Tom Longboat among athletes honoured by Quebec artist/runner
Jeffery Woodrow's "singlet series" honours some of Canada's most celebrated runners, including Tom Longboat, the first Indigenous winner of the Boston Marathon, on the 139th anniversary of his birth
Wednesday is Tom Longboat Day in Ontario, a day to celebrate the gifted Onondaga runner and Boston Marathon champion every year on his birthday. Quebec artist, runner and triathlete Jeffery Woodrow has created a limited-edition series of three-dimensional multimedia pieces honouring famous Canadian runners, including Longboat.
The piece depicts the singlet worn by Longboat, crafted in paper and mounted on a black foam-core background. Created in the shape of the body of the athlete wearing it, the singlet seems filled with kinetic energy as the runner waits on the starting line.

Longboat was born in 1886 (some sources say 1887) on the Six Nations reserve near Brantford, Ont.
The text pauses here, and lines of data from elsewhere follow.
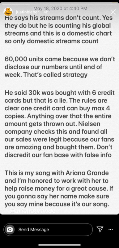 Justin kemudian mengunggah Instagram Story untuk membela posisi lagunya dengan berkata, “60.000 unit muncul karena kami tidak menutup angka hingga pekan berakhir. Itulah yang dinamakan strategi.” Ia juga membela Ariana dengan bilang, “Jika kamu akan menyebut namanya [Ariana], pastikan juga kamu menyebut nama saya karena itu adalah lagu kami [berdua].”
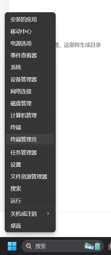 windows标志右键,选择打开终端管理员,windows10的可能不同,打开是蓝色窗口就是对的
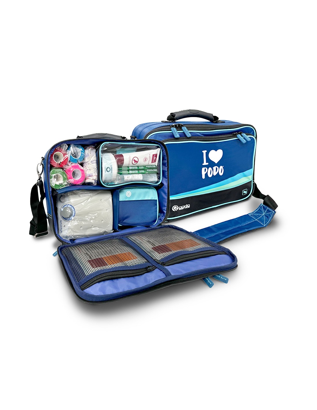 El Maletín Compact Azul “I Love Podo” ha sido diseñado para profesionales de la podología que realizan asistencias limitadas o transportan material muy concreto. Su diseño interior con separadores ajustables y compartimentos organizados permite personalizar el espacio, garantizando una distribución práctica y segura del material clínico.
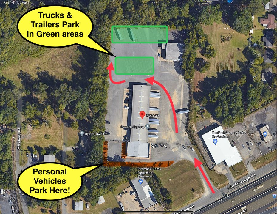 Eight acres paved, 24/7 access, cameras on property, drivers lounge, bathrooms, and on site shop available for minor repairs 7am - 5pm Mon - Fri  . Located just off I-30(Exit 131).  Shooters Sports Bar and Grill is just up the Street and there are Several other Restaurants and Hotels in the Area.  Walmart is 1.5 miles South West.  Monthly Drivers leaving personal vehicles Must park them in the Designated spot marked in the Aerial photo.
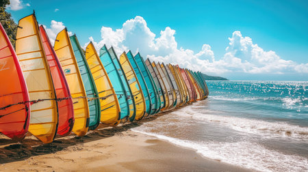 A vibrant beach scene with colorful windsurfing boards lined up, ready for use, highlighting the preparation and excitement before hitting the water.
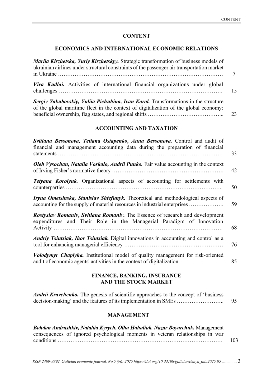 | Bibliographic citation (CHICAGO): | Zmist [Content]. Galician economic journal (Tern.), vol. 96, no 5, pp. 3-6 [in Ukrainian]. |
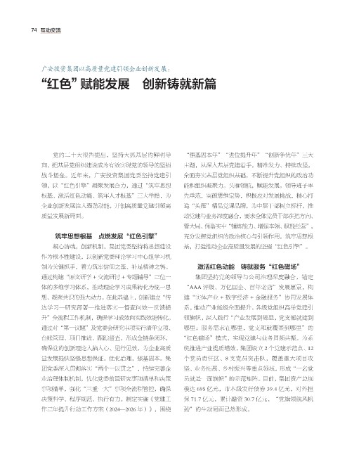 凝心铸魂,创新机制。集团党委坚持将思想建设 基,打造推动企业高质量发展的坚强“红色引擎”。
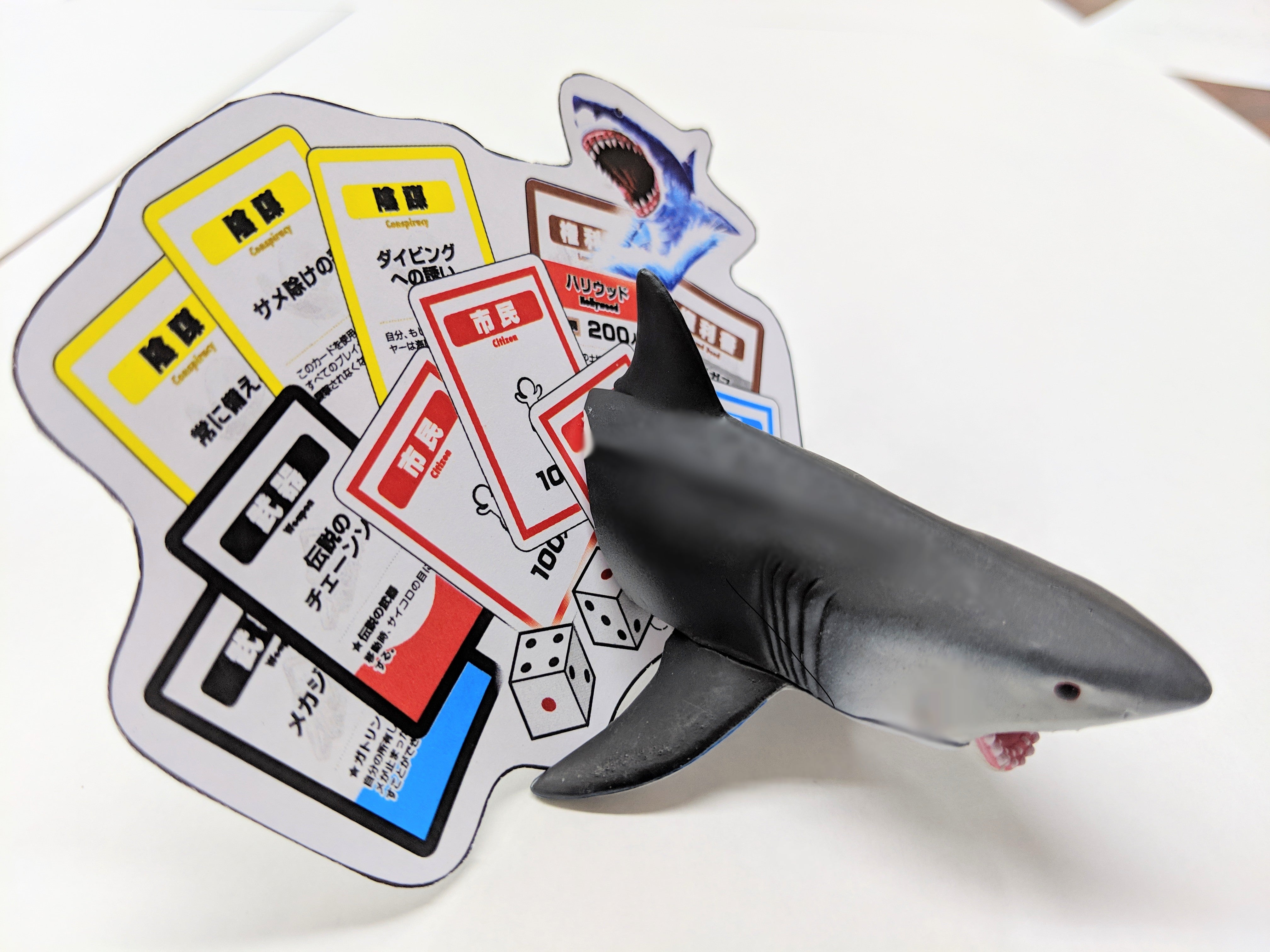 このサメフィギュアはコンポーネント(ゲームのプレイツール)にはつきませんが、ゲーム中にプレイヤーを襲ってくるトーテムの制作参考に作られたものです。
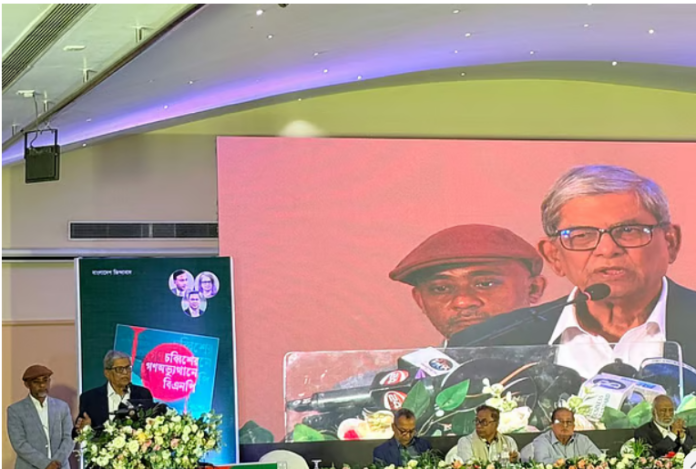 আজ বুধবার দুপুরে রাজধানীর গুলশানের একটি হোটেলে এক অনুষ্ঠানে মির্জা ফখরুল এসব কথা বলেন। ‘চব্বিশের গণ-অভ্যুত্থানে বিএনপি’ বইয়ের মোড়ক উন্মোচন ও ডকুমেন্টারি প্রদর্শন শীর্ষক এই অনুষ্ঠানের আয়োজক বিএনপি ও ন্যাশনালিস্ট রিসার্চ সেন্টার। অনুষ্ঠানে প্রধান অতিথির বক্তব্য দেন মির্জা ফখরুল। অনুষ্ঠানে ২০২৪ সালের জুলাই-আগস্টের গণ-অভ্যুত্থান নিয়ে একটি তথ্যচিত্র প্রদর্শন করা হয়।

At age 12, he was forced to attend the local residential school; according to The Canadian Encyclopedia, he escaped–twice–and did not return after his second escape.
In 1907, at age 20, he became the first Indigenous athlete to win the Boston Marathon; he went on to compete in the 1908 Olympic marathon in London, but did not finish. In 1916, he enlisted to serve in WWI, becoming a dispatch runner (i.e. a runner who carried messages between units) with the 107th Pioneer Battalion, and was twice wounded.
Jeffery Woodrow’s Singlet Series
Some other Canadian runners memorialized in a “singlet” by Woodrow include, among others, Ed Whitlock, Jacqueline Gareau and Harry Jerome. Woodrow spent several years living, teaching and creating in South Korea and Thailand before moving his family back to Canada during the pandemic; originally from Bradford, Ont., he and his family selected Sainte-Adèle, Que., for their new home, due to its proximity to nature and its more modest cost of living.
He explains that, as a former stay-at-home father of three (his wife is former CBC producer Tori Allen), he’s passionate about creating art that reflects his interests: “I just want to focus on Canada,” he told us in a recent interview. “If I’m going to make art, I want to make the art I want to make, and I want it to represent what I’m interested in.”

Woodrow creates around 10 copies of each piece, donating a few (he donated a “Tom Longboat” to a local school named for the runner, for example) and offering the remaining pieces for sale on his website.